**WHAT TO PRODUCE**
Under this line sits a listing. Repeat exactly and only its lines from the one holding "Muschelkalk in Marmor" through the one holding "Above, just before"; skip pictures.

**EXTRACTED RECORDS**
......

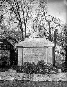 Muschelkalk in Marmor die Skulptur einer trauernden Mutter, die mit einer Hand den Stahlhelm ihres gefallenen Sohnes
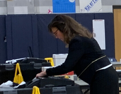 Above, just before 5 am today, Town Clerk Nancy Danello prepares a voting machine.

......

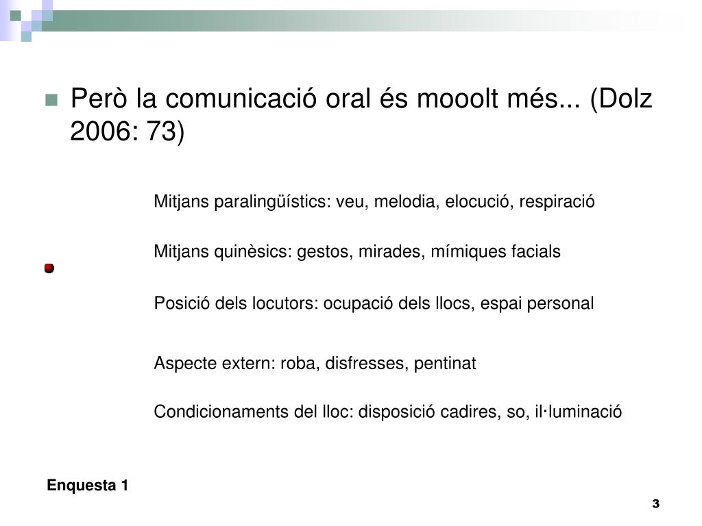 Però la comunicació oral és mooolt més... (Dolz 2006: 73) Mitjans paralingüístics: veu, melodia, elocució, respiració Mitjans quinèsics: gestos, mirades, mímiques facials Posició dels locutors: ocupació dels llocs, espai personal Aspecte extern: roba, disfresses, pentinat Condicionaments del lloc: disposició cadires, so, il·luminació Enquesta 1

......

**EXERCISE RESPONSE**
 Muschelkalk in Marmor die Skulptur einer trauernden Mutter, die mit einer Hand den Stahlhelm ihres gefallenen Sohnes
 Above, just before 5 am today, Town Clerk Nancy Danello prepares a voting machine.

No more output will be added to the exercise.